Content starts
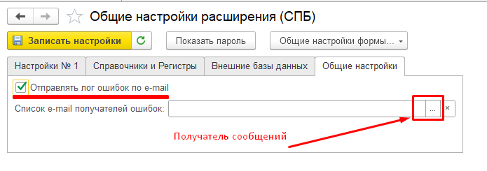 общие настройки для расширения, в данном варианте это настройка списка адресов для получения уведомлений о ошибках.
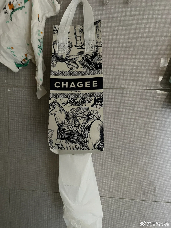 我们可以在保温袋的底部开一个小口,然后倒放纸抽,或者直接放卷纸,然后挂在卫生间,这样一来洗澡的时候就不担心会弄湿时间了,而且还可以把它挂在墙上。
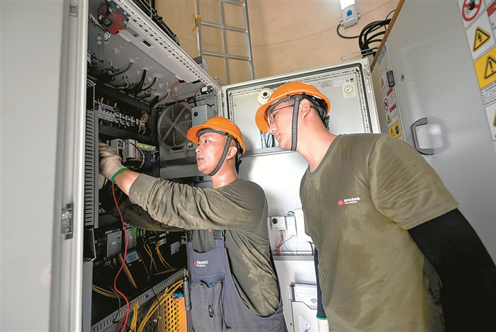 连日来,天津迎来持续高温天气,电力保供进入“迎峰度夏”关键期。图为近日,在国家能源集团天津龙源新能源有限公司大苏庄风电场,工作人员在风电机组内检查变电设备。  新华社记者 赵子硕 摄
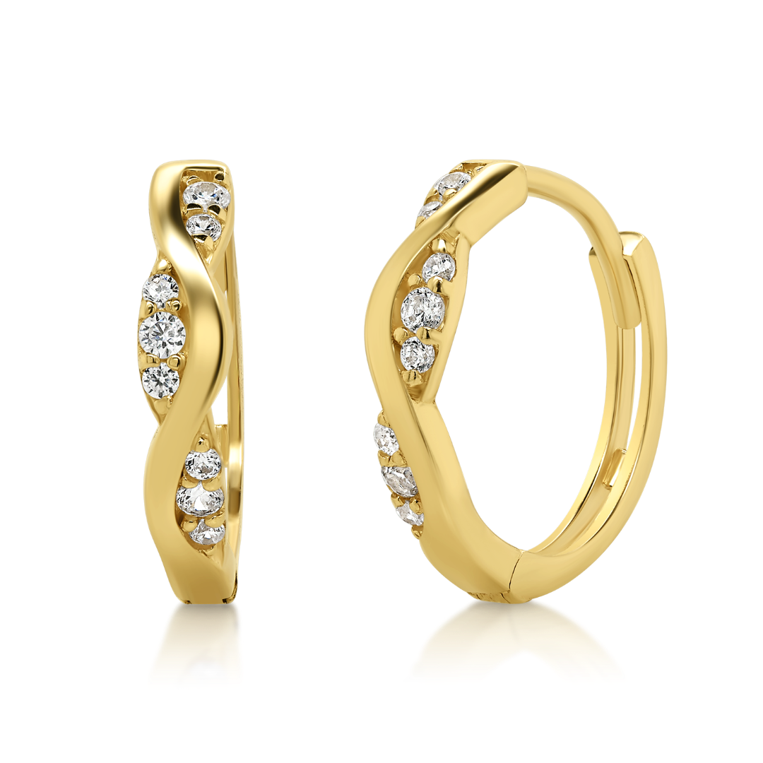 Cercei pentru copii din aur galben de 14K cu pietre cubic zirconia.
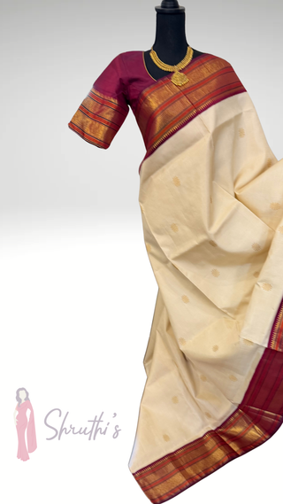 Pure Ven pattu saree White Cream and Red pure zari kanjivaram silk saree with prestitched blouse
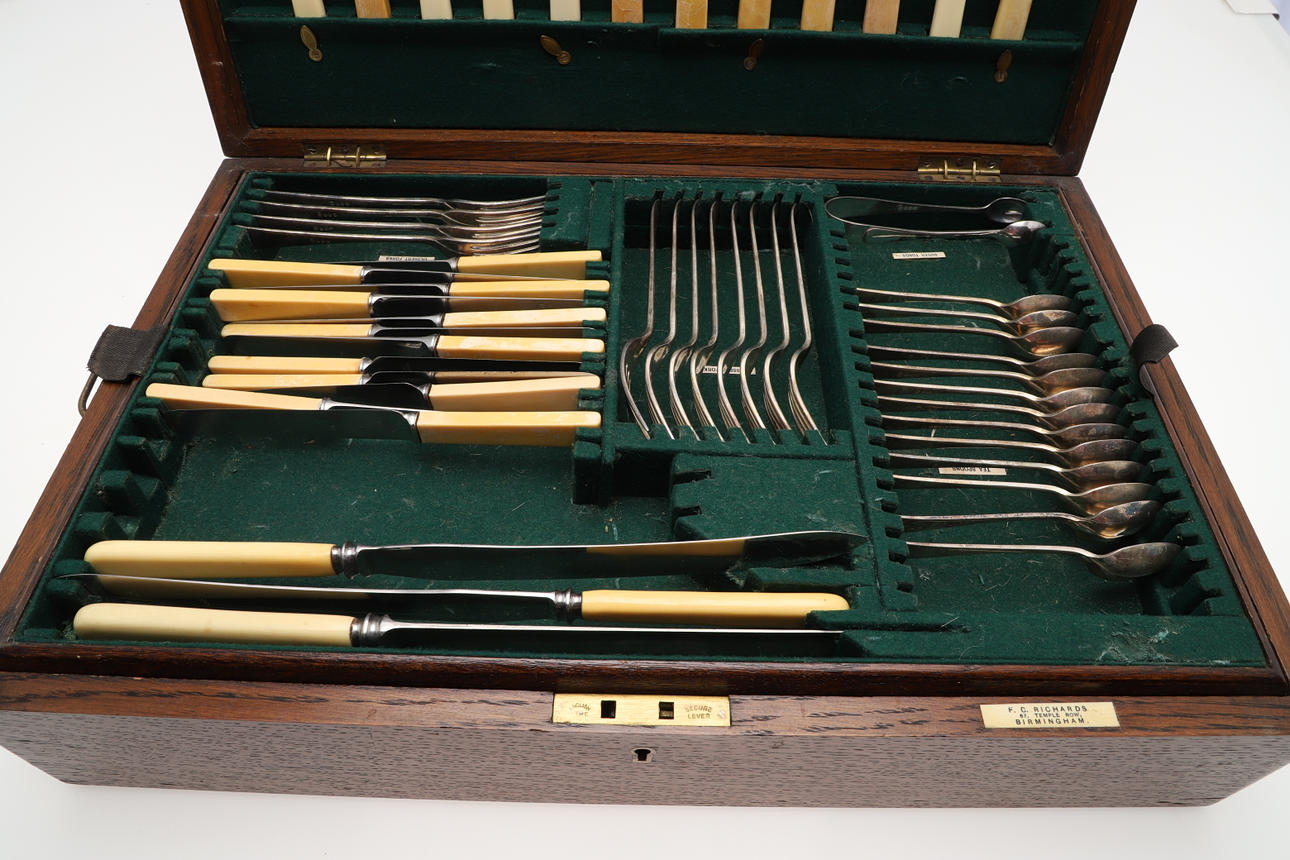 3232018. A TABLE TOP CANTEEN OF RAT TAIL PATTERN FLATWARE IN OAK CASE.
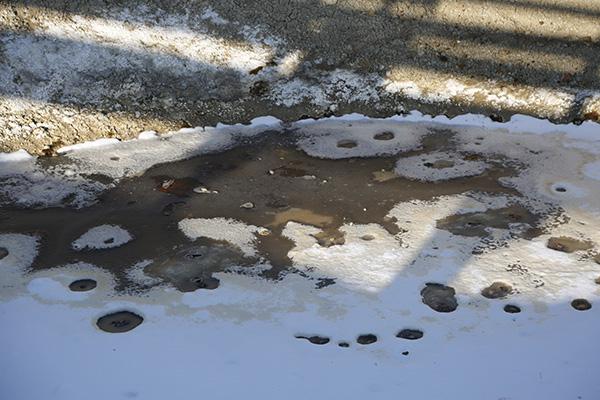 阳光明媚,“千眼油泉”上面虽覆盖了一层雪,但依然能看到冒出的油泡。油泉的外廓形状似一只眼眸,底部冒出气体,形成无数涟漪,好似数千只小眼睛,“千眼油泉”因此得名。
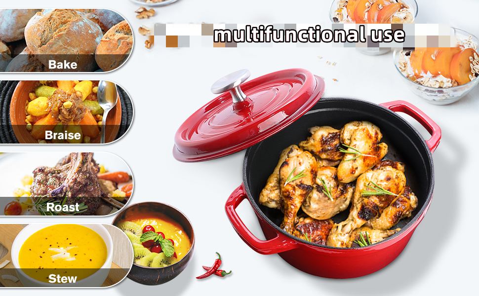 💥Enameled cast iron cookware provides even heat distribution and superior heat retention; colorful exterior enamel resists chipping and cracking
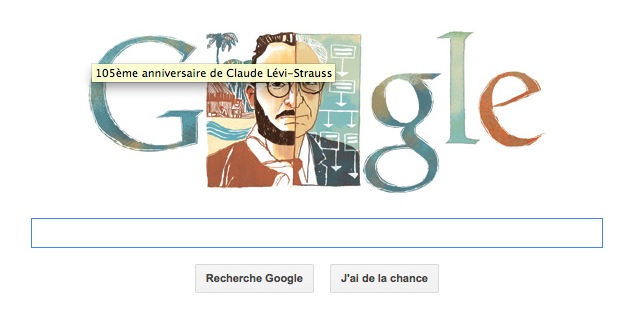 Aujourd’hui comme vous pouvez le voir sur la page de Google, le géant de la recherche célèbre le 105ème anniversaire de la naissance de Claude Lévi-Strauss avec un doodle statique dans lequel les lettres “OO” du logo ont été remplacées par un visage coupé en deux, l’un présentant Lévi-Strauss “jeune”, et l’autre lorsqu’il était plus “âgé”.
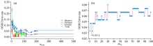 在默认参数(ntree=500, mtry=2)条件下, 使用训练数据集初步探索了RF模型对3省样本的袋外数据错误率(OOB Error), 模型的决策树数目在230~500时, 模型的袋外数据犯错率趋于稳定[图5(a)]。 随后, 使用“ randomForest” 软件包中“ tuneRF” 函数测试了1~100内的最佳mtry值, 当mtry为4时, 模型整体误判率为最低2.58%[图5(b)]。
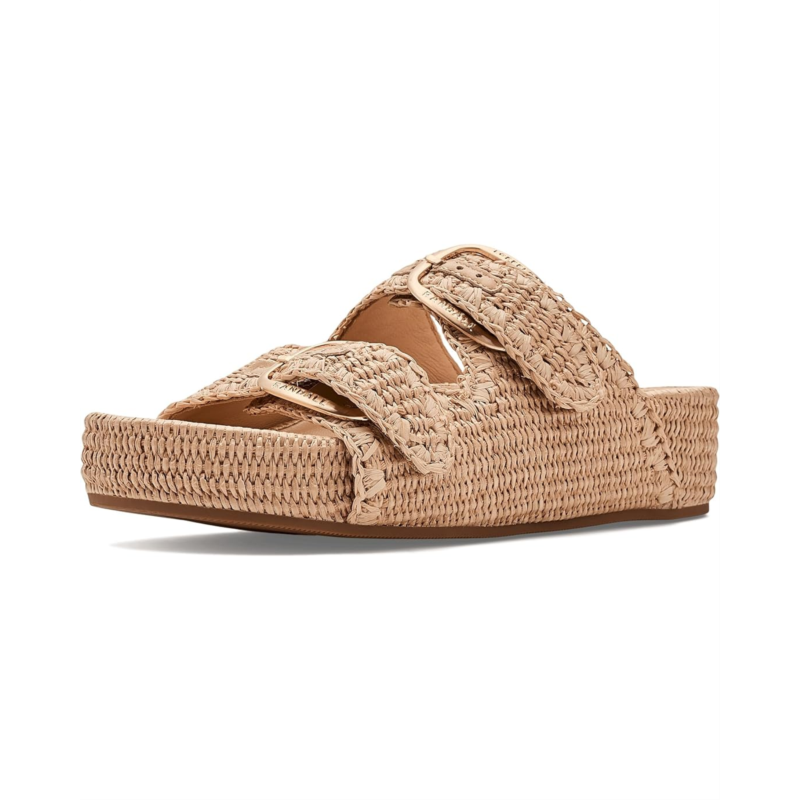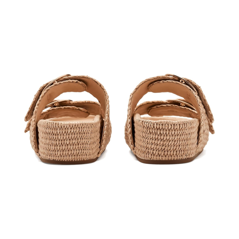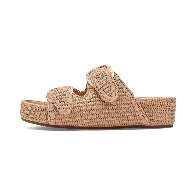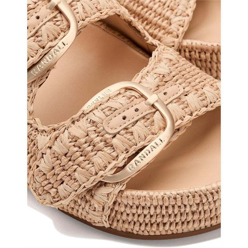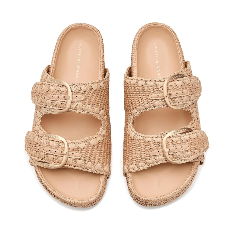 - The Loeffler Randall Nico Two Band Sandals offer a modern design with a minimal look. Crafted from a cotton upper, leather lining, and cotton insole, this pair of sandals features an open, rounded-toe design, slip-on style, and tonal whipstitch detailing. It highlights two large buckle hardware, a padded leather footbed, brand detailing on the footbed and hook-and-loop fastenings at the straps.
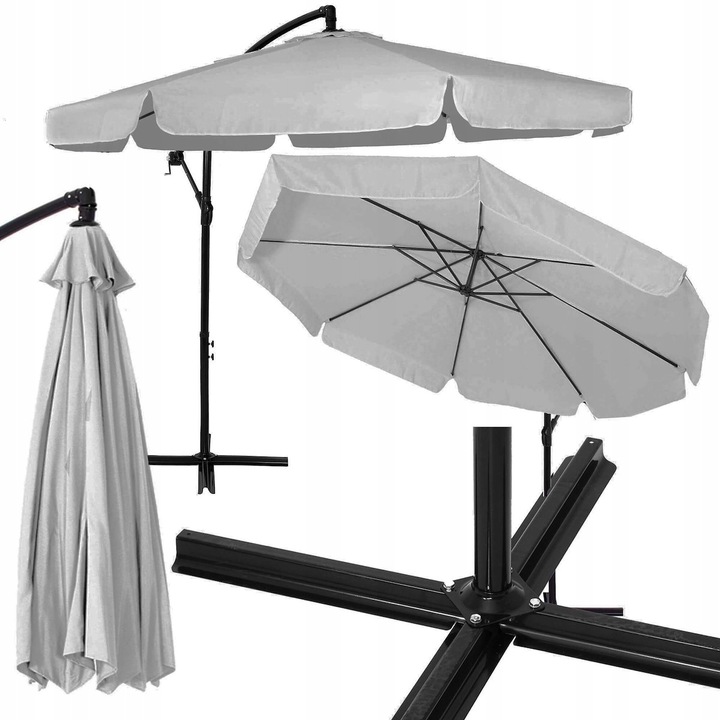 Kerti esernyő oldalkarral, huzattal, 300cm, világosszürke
Content ends
YOUR TASK:
Nothing but the lines from the one containing "我们可以在保温袋的底部开一个" through the one containing "在默认参数(ntree=500, mtry=2)条件下, 使用训练数据集初步探索了RF模型对3省样本的袋外数据错误率(OOB" should appear, copied exactly from the material above and without pictures.

EXERCISE RESPONSE:
 我们可以在保温袋的底部开一个小口,然后倒放纸抽,或者直接放卷纸,然后挂在卫生间,这样一来洗澡的时候就不担心会弄湿时间了,而且还可以把它挂在墙上。
 连日来,天津迎来持续高温天气,电力保供进入“迎峰度夏”关键期。图为近日,在国家能源集团天津龙源新能源有限公司大苏庄风电场,工作人员在风电机组内检查变电设备。  新华社记者 赵子硕 摄
 Cercei pentru copii din aur galben de 14K cu pietre cubic zirconia.
 Pure Ven pattu saree White Cream and Red pure zari kanjivaram silk saree with prestitched blouse
 3232018. A TABLE TOP CANTEEN OF RAT TAIL PATTERN FLATWARE IN OAK CASE.
 阳光明媚,“千眼油泉”上面虽覆盖了一层雪,但依然能看到冒出的油泡。油泉的外廓形状似一只眼眸,底部冒出气体,形成无数涟漪,好似数千只小眼睛,“千眼油泉”因此得名。
 💥Enameled cast iron cookware provides even heat distribution and superior heat retention; colorful exterior enamel resists chipping and cracking
 Aujourd’hui comme vous pouvez le voir sur la page de Google, le géant de la recherche célèbre le 105ème anniversaire de la naissance de Claude Lévi-Strauss avec un doodle statique dans lequel les lettres “OO” du logo ont été remplacées par un visage coupé en deux, l’un présentant Lévi-Strauss “jeune”, et l’autre lorsqu’il était plus “âgé”.
 在默认参数(ntree=500, mtry=2)条件下, 使用训练数据集初步探索了RF模型对3省样本的袋外数据错误率(OOB Error), 模型的决策树数目在230~500时, 模型的袋外数据犯错率趋于稳定[图5(a)]。 随后, 使用“ randomForest” 软件包中“ tuneRF” 函数测试了1~100内的最佳mtry值, 当mtry为4时, 模型整体误判率为最低2.58%[图5(b)]。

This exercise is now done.